There is “enormous enthusiasm” about Argentina abroad, says Jorge Familiar, vice-president for Latin America and the Caribbean at the World Bank. “We are very impressed by Argentina’s efforts. We want to accompany the country in this important moment,” says Familiar, who in July announced new investments in Argentina of $845m.
I don’t think the boom many imagine is going to happen this year or even next year
Joaquin Cottani
But many local companies, whose memories of Argentina’s past economic debacles are fresh, are circumspect about plunging money into the historically volatile economy. “Investment is going to be slower from the inside than from the outside,” admits one government official, who criticises local businesses as too slow to seize the opportunity: “Foreigners will get the first-mover advantage.”
Joaquin Cottani, chief Latin America economist at rating agency Standard & Poor’s, identifies two particular areas of concern among investors: the fiscal deficit — long the bane of Argentina’s economy — and the exchange rate. Despite the devaluation after currency controls were removed in December, the peso has already lost competitiveness thanks to high inflation. “The exchange rate is still perhaps too strong to attract investment in many sectors, and the fiscal situation is not good,” says Cottani. “Those two things are working against the boom in investment that people anticipated when the new government was elected.”
“So far we’ve only seen a ‘rain of dollars’ to finance the deficit of the government itself, and that’s because Argentina has been absent from international markets for so long, with all this pent-up demand from investors looking for returns,” adds Cottani. Indeed, between the national government, provinces and companies, Argentina issued $24bn in the first half of 2016, accounting for about a fifth of all emerging market debt issuance.

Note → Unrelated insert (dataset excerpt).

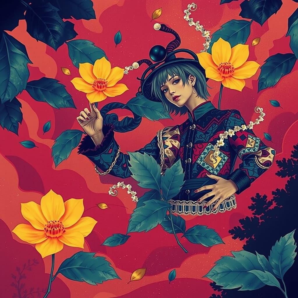 This image depicts a dense, foggy forest scene with vibrant green leaves and a striking blue sky. Elements of fantasy and diverse cultural attire are subtly integrated, rendered with hyper-realistic detail.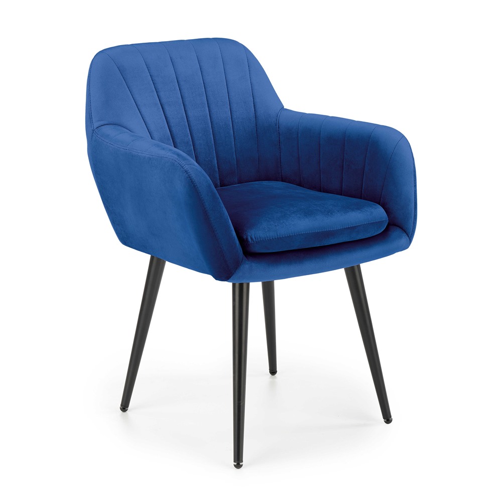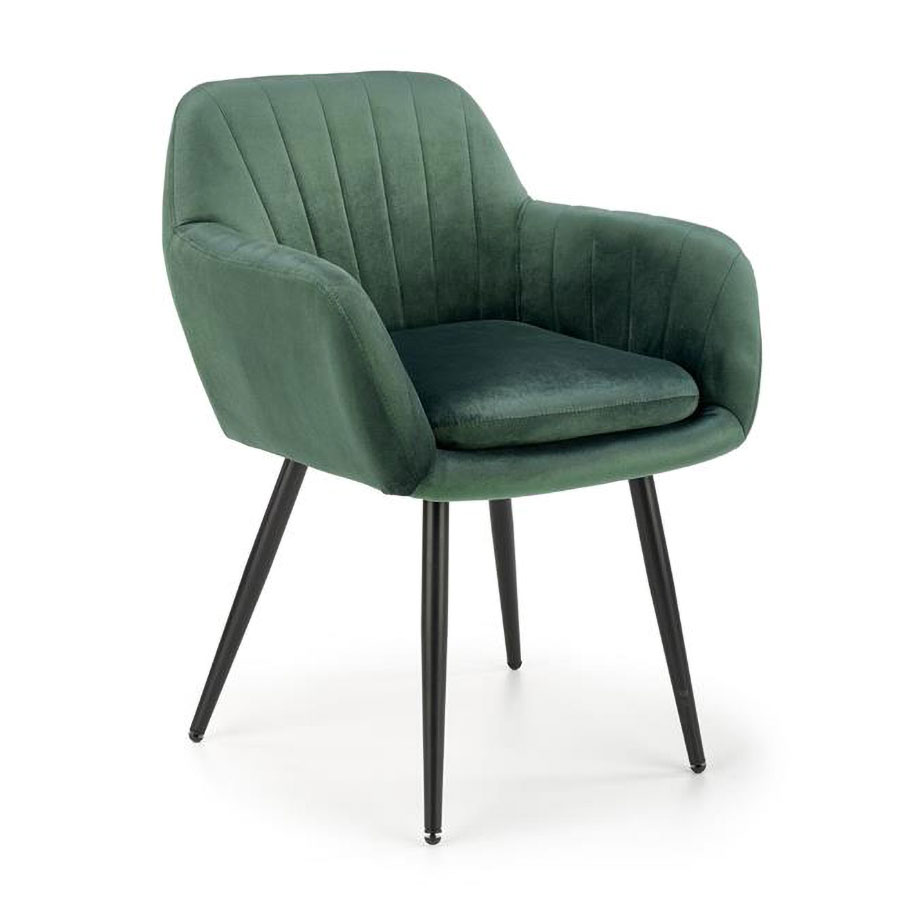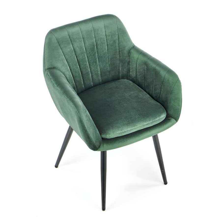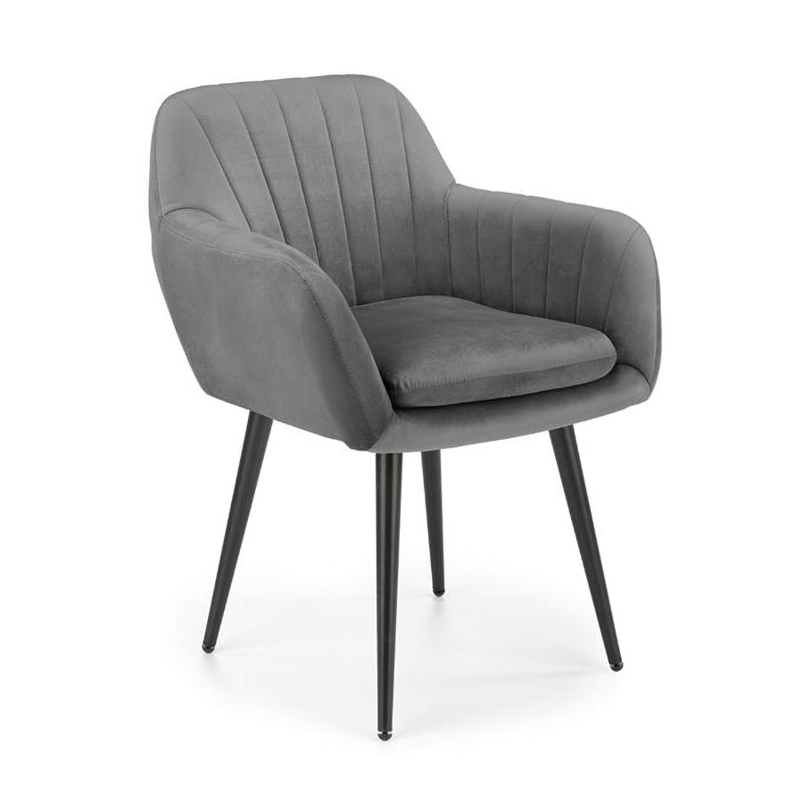 Трапезен стол с дамаска от кадифе и подлакътници наподобяващ кресло с черни метални крака.

The government is also expecting an influx of as much as $30bn when the tax amnesty starts to trigger the repatriation of Argentines’ funds abroad. The success of the whitewash could improve investment, but it will also present a challenge for the central bank, which has been struggling with flows of “hot money” as investors seek to take advantage of high domestic interest rates. “It’s not a lack of dollars that is the problem. Paradoxically, we have an excess of dollars,” says an official at the central bank, which under the new administration is focusing on tackling inflation, rather then seeking to control the exchange rate too.
But Cottani, an Argentine who says he “optimistic” about Argentina’s prospects for attracting investment, argues that most businesses will wait on the sidelines to see what happens this year and what the outlook is for important midterm elections next year. “I don’t think the boom that many imagine is going to happen this year or even next year,” he says.
Emilio Ilac, chief executive of Puente, an investment bank in Buenos Aires, says Argentina is “already the star emerging market”. He is convinced it will keep that status for the remainder of Macri’s term. His bank has been inundated by “hundreds” of funds seeking advice, many of which have never invested in the country that had been demoted to a “frontier market” during the Kirchner years. “When something is too good to be true it usually is — but this is Argentina,” he says.